• _TASK TO CARRY OUT_: Could you output each line below exactly as it appears, excluding any pictures?

• _DATASET SECTION_:
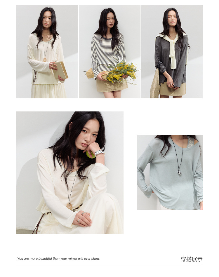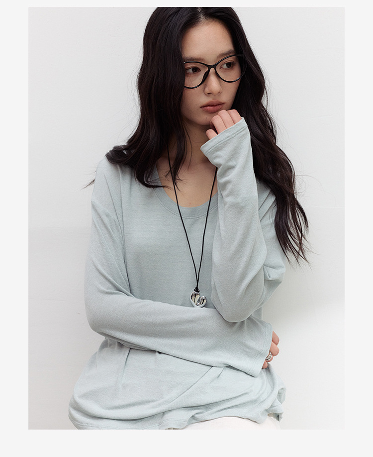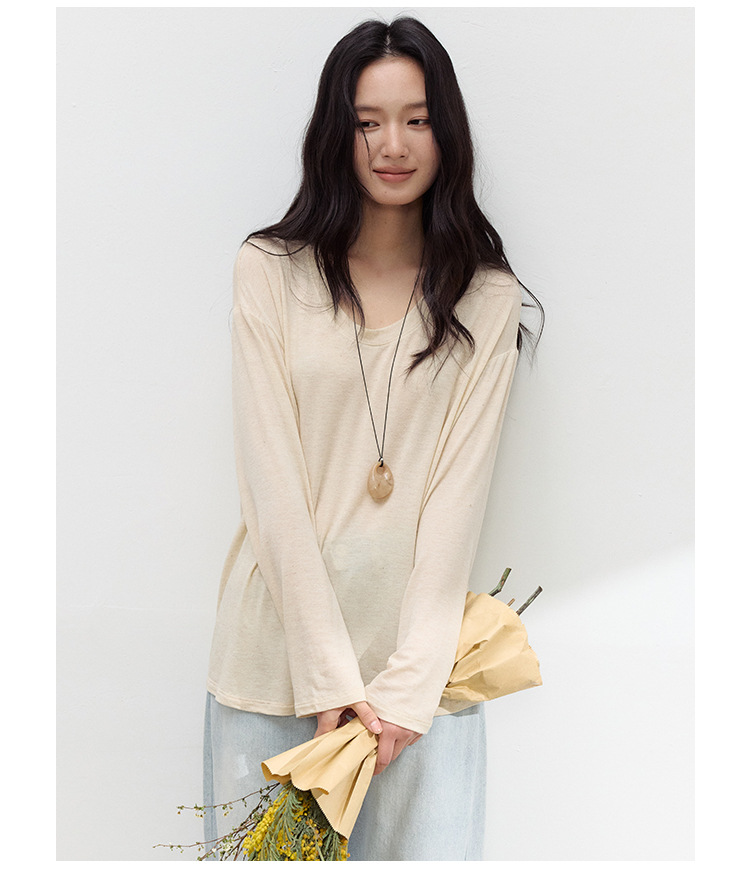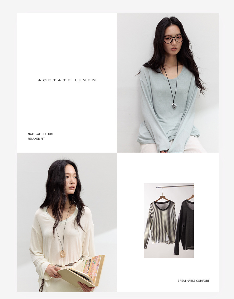 【2026夏季新品】醋酸亚麻・U领罩衫 天丝莱赛尔春夏宽松打底衫基础款百搭休闲上衣
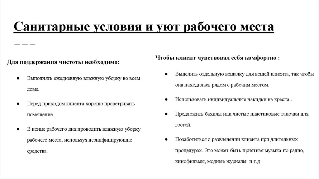 Санитарные условия и уют рабочего местаДля поддержания чистоты необходимо:
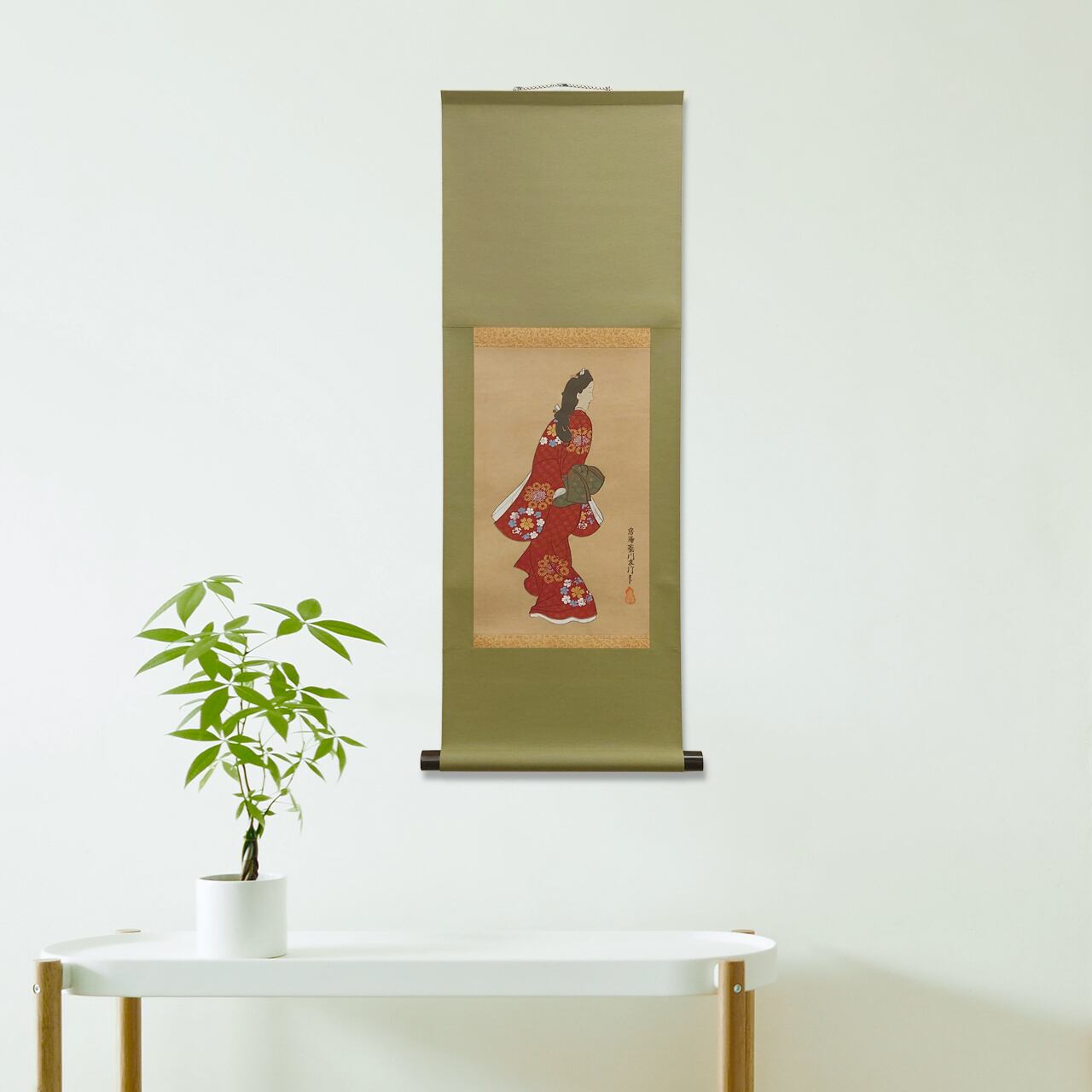 菱川師宣の代表作「見返り美人図」の複製画を、飾りやすいサイズとシンプルで上品な表装で掛軸に仕立てました。振り返る一瞬のしぐさに、江戸の粋と優美さが漂います。和室はもちろん、洋室にも違和感なく調和する、時代を超えた美しさをお楽しみいただける一幅です。

• _YOUR SOLUTION_:
 【2026夏季新品】醋酸亚麻・U领罩衫 天丝莱赛尔春夏宽松打底衫基础款百搭休闲上衣
 Санитарные условия и уют рабочего местаДля поддержания чистоты необходимо:
 菱川師宣の代表作「見返り美人図」の複製画を、飾りやすいサイズとシンプルで上品な表装で掛軸に仕立てました。振り返る一瞬のしぐさに、江戸の粋と優美さが漂います。和室はもちろん、洋室にも違和感なく調和する、時代を超えた美しさをお楽しみいただける一幅です。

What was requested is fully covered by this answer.